Joaquín no pudo ocultar su apuro y, por instinto, buscó la ayuda de José de Arimatea. Barrabás, cuyos ojos brillaban de cólera, fue más rápido:

—La razón de esta reunión, puedo decírtela yo, pues responde a mi voluntad —anunció—. Es sencilla. Nosotros, en Galilea, ya no soportamos el puño de Herodes sobre nuestras vidas. No soportamos ya sus injusticias ni la deshonra que sus mercenarios infligen a Israel. No soportamos ya que Roma sea su ama y, por tanto, la nuestra. Esto dura ya demasiado tiempo. Hay que ponerle fin. Desde ahora mismo.

Guiora emitió una risita sarcástica, el único sonido que turbó el perfecto silencio que siguió a las palabras de Barrabás. Ahora, todos acechaban la reacción de Nicodemo. Este movió la cabeza, con los dedos juntos bajo el mentón.

—¿Y cómo piensas ponerle fin, querido Barrabás?

—Por las armas. Por la muerte de Herodes. Por el levantamiento del pueblo que sufre. Por una rebelión que lo arrastre todo. Así. Yo no estaba de acuerdo con tu asistencia. Pero, ahora, lo sabes todo. Puedes denunciarnos o unirte a nosotros.

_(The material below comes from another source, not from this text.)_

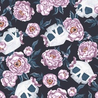 Fabric Remnant | Skulls Flowers Graphite (53cm x 112cm)

Al pronunciar esta última frase, Barrabás había puesto la mano sobre el hombro de Joaquín, que estaba incómodo. No por esta manifestación de amistad, sino porque le parecía que Barrabás iba demasiado deprisa y demasiado lejos. La brutalidad es una mala estrategia. Sin duda, no era así como había que llevar el asunto para convencer a Nicodemo ni quizá tampoco a los otros.

Además, ya se estaba viendo el resultado. Si Leví, el sicario, y Matías aprobaban a Barrabás con murmullos entusiastas, los demás bajaban prudentemente los ojos. A excepción de José de Arimatea, que permanecía tranquilo y atento.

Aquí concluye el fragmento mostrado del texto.